Tuesday, August 11, 2009

Give it time...

"Man, this is tough."
"Ouch, this does not feel natural!"
"How long do I have to let him go?"
"Is he getting enough?"


As you can see our relationship started out pretty rough. A lot of pain, confusion and worry. I would say that most great relationships don't start out that way. They start out all flowery with hearts flying all around. But that is exactly how this great relationship started out. In case you have not caught on yet, I am talking about our (Lincoln and I) breastfeeding relationship.

I remember those first days just like they were yesterday. My milk didn't come in for 4 days, my baby had bad jaundice and it hurt like heck! (Don't believe what the books tell you, that it shouldn't hurt if you do it right.) But I was determined to do what I believed was best for him and I. I don't know where I got my determination from, but I was determined to make this relationship work. So we worked and worked at it, not having a clue what we were doing. Then finally one day we finally clicked and the relationship turned from tough to smooth sailing and filled with love, at least for a while...

I set goals for myself. I said I would try to nurse until he was 6 months. Our relationship proved hard again when I went back to work and was pumping. I had great accommodations at work, but Lincoln was such a piggy that I was afraid that I would not have enough for him while I was away. I lived in that limbo until he turned six months. Finally he started solids and I felt the pressure release and it was smooth sailing again.

Once I made it to six months I set another goal, this time to make it to a year. And made it we did and beyond. I finally stopped pumping at 14 months, but we kept nursing at home. I was so proud to have made my goal, but neither of us were ready to dissolve this relationship. The months kept passing by and occasionally I would think about weaning him, but I always really wanted him to decide when that would be.

Well for the past month he has been nursing less and less, about 1 to 2 times a day (because he started his new school and I leave for work too early). Then about a week and a half ago, he would just nurse at night for like 1 minute and be done. I started to think maybe he was weaning himself finally. So about a week ago I put him down without nursing him. He did cry a bit but then went to sleep and didn't wake up until morning (just like normal). So the next night I did the same thing, down without nursing. Now here we are a week later and he has not nursed a all.

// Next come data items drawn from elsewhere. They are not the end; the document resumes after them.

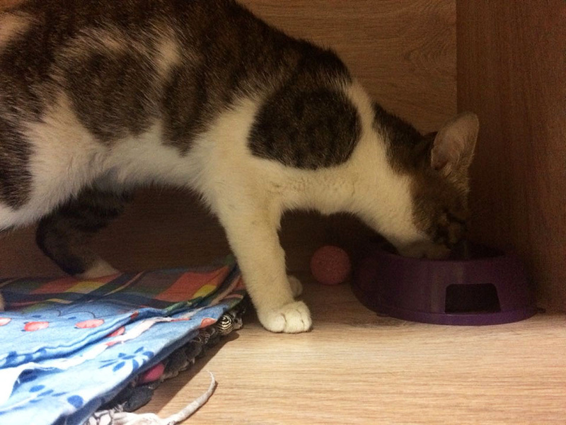 Сейчас кот Тимофей находится в вет. клинике, в стационаре, восстанавливается после кастрации и проходит карантин.
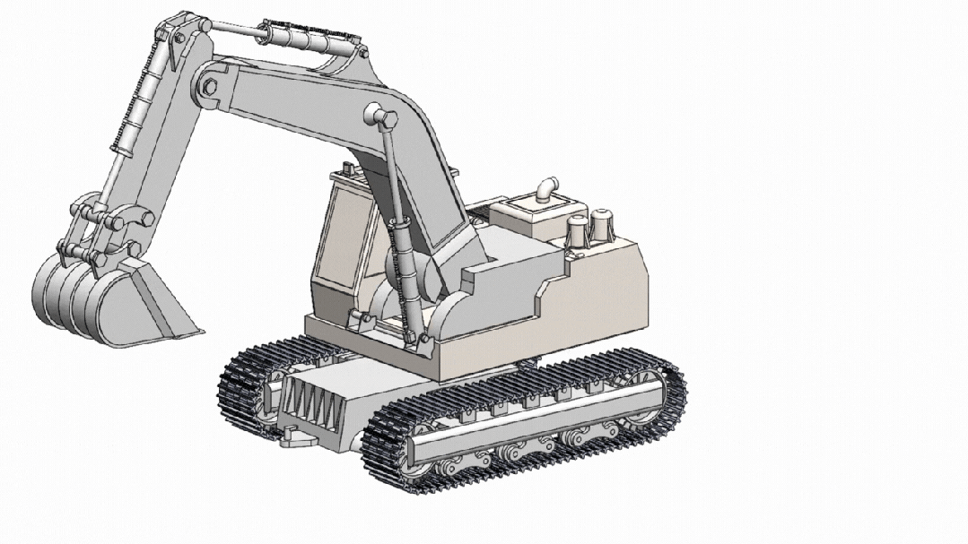 通过以上简单的拖拽操作,一个清晰的挖掘机动作动画已快速生成。借助SOLIDWORKS Motion的自动关键帧功能,制作产品展示动画变得既简单又高效。
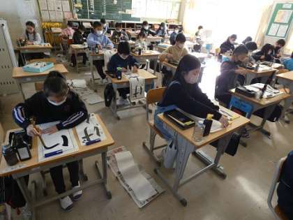 今年から、毛筆になった3年生も「げんき」という文字を丁寧に書いています。
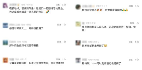“讓我們一起期待它的開(kāi)業(yè),為這座城市增添一抹亮麗的色彩!”“感覺(jué)非常高大上,期待值拉滿了”“期待開(kāi)業(yè)大吉,為管城發(fā)展助力”從這些稿件中的評(píng)論區(qū),我們能看出市民對(duì)“亳都·新象”的期待以及鄭州文商旅融合發(fā)展的信心。
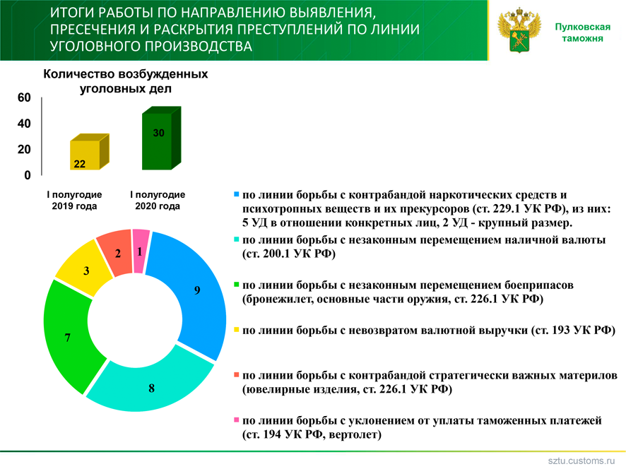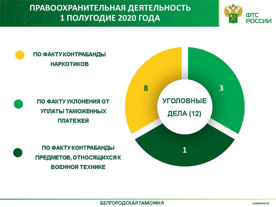 Омской таможней за 6 месяцев 2020 года при выявлении и пресечении нарушений таможенного законодательства Евразийского экономического союза и Российской Федерации возбуждено 11 уголовных дел в отношении конкретных лиц, из них 6 уголовных дел возбуждено по фактам контрабанды сильнодействующих веществ по ч. 1 ст. 226.1 УК РФ, при этом оперативными подразделениями таможни из незаконного оборота изъято почти 800 гр. сильнодействующих веществ.
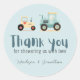 Niedlicher Traktorfahrer oder Bauernjunge Babydusche Danke an die Aufkleber für die Gefälligkeitstaschen! Dieses Design ist absolut bezaubernd. Es verfügt über niedliche kleine Traktoren in einem nahtlosen Muster auf einem hellblauen Hintergrund mit einem Bogen, in dem die Details des Party angezeigt werden. Der Slogan sagt: "Vroom, vroom! ...ein kleiner Traktorfahrer ist unterwegs." Das ist die perfekte Babyduschkarte für Traktorfreunde oder Bauer!
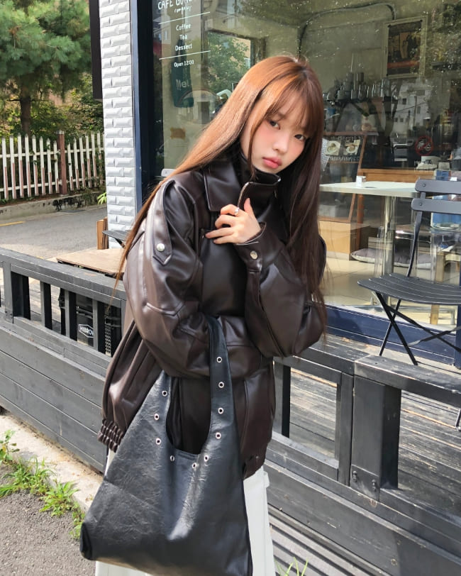シートアイレットレザーショルダーバッグ
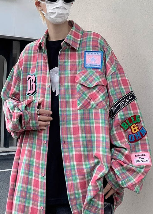 French Navy Plaid Pockets Cotton Shirt Men Spring
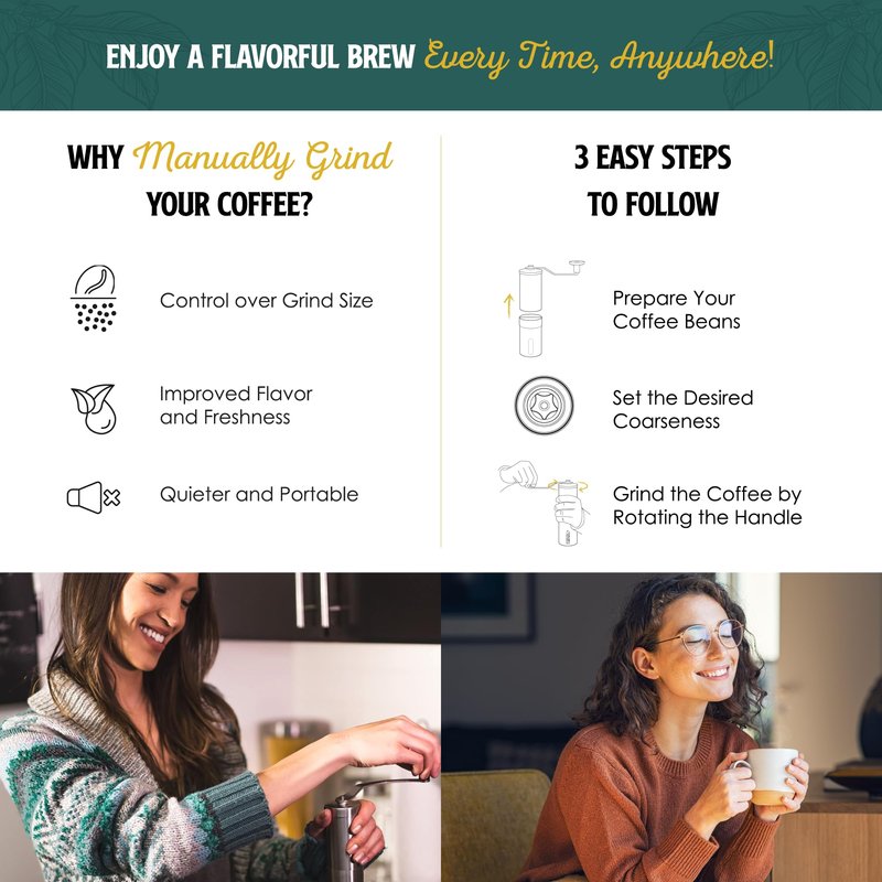 - ENHANCE YOUR MORNING WHILE MAKING AN IMPACT AROUND THE WORLD ― Your deliciously crafted cup of coffee from our manual coffee grinder is helping empower coffee farmers to chase a brighter future. A portion of our profits go towards positively impacting our partner’s coffee supply chain and their local communities. Our mission hinges on one fundamental idea: when we care, happiness flows and everyone wins. Including you with this hand coffee bean grinder by JavaPresse.

He did show some signs here and there that he would like to, but I just directed his attention somewhere else and he gave it up, no protest. I wanted to write about this because this is a huge milestone in our lives. This relationship is 17 months old and now it is time for it to evolve. But what will it evolve too? I am sad, I feel like a lot of change has happened to us all in the past month and I am not sure I was ready to give up my one on one time with Lincoln. It was something so special that only he and I shared, our time to reconnect after a long day or a restless night. When I was asked when I was going to stop nursing, this would always be my reason not to stop. I was afraid that I would not know how to have this type of connection with him if it was not through nursing. He is such a busy little guy and this was the only time he would sit down and relax with me. I think the hardest thing for me is that I did not cherish that last nursing session since I didn't know he was going to wean, so I feel like I missed out on a special memory.

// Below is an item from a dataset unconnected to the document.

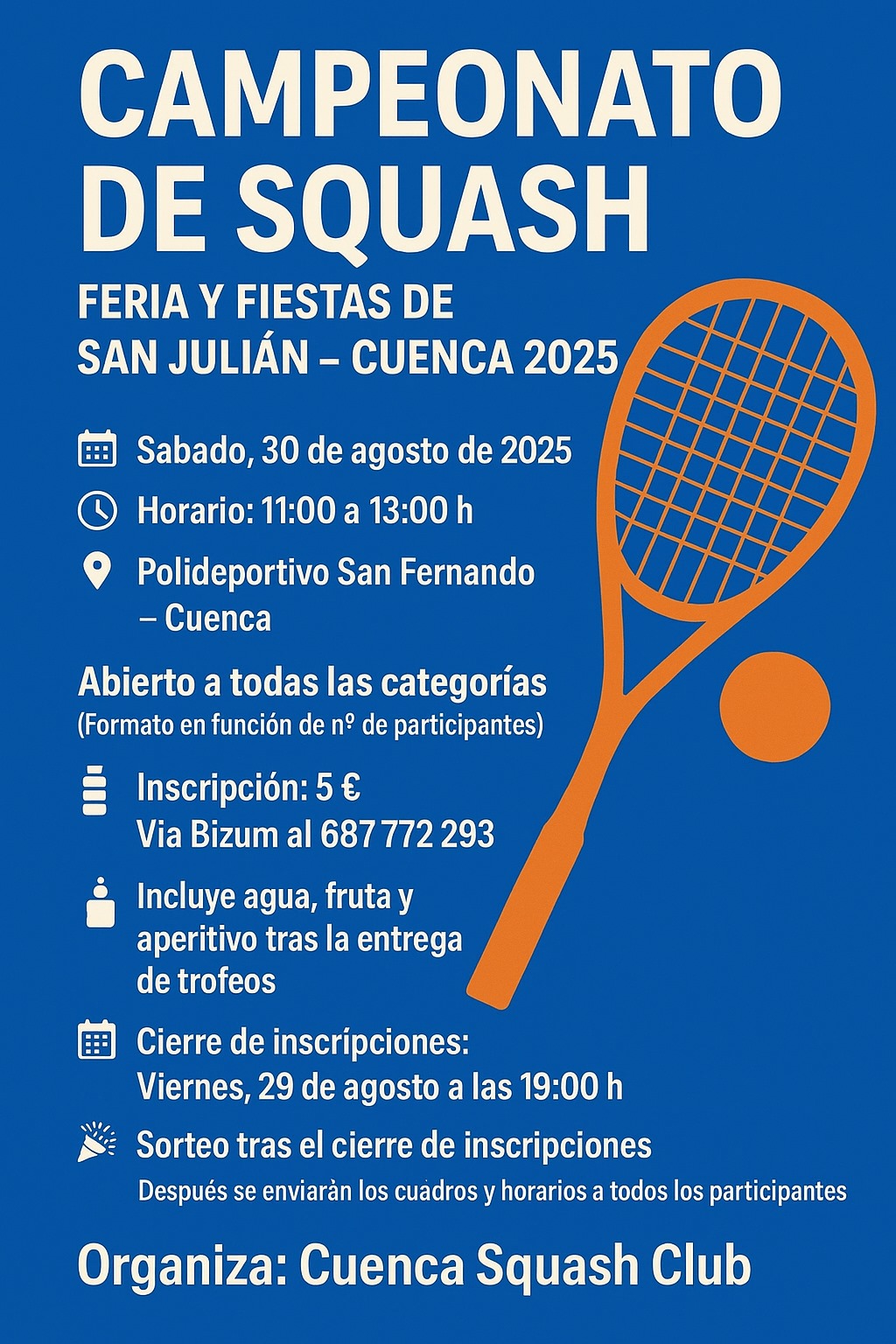 ¡Ya es oficial! El Cuenca Squash Club acogerá el próximo Campeonato de España de Veteranos de Squash 57. Será entre el 18 y 19 de julio, en las instalaciones del Polideportivo San Fernando. La inscripción se podrá realizar próximamente en Rankedin, con un coste de 25€/participante. La fecha máxima de inscripción es el 9 de […]

I know there are many views on this subject, but nursing just worked for us. Now I have to find a new way to connect with my ever growing, always changing and over active toddler.

2 comments:

The Jungs said...

Wow. That is amazing. I tried breastfeeding Riley for 10 days and my milk never came in and I had to switch to formula. Who knows what will happen for me the 2nd time around....

Amy G said...

It really sucks when your milk does not come in soon. That is why Linc got jaundice so bad, because he was not getting any food to flush out his system. You never know what could happen with the next baby. Your little Riley is one cute little guy!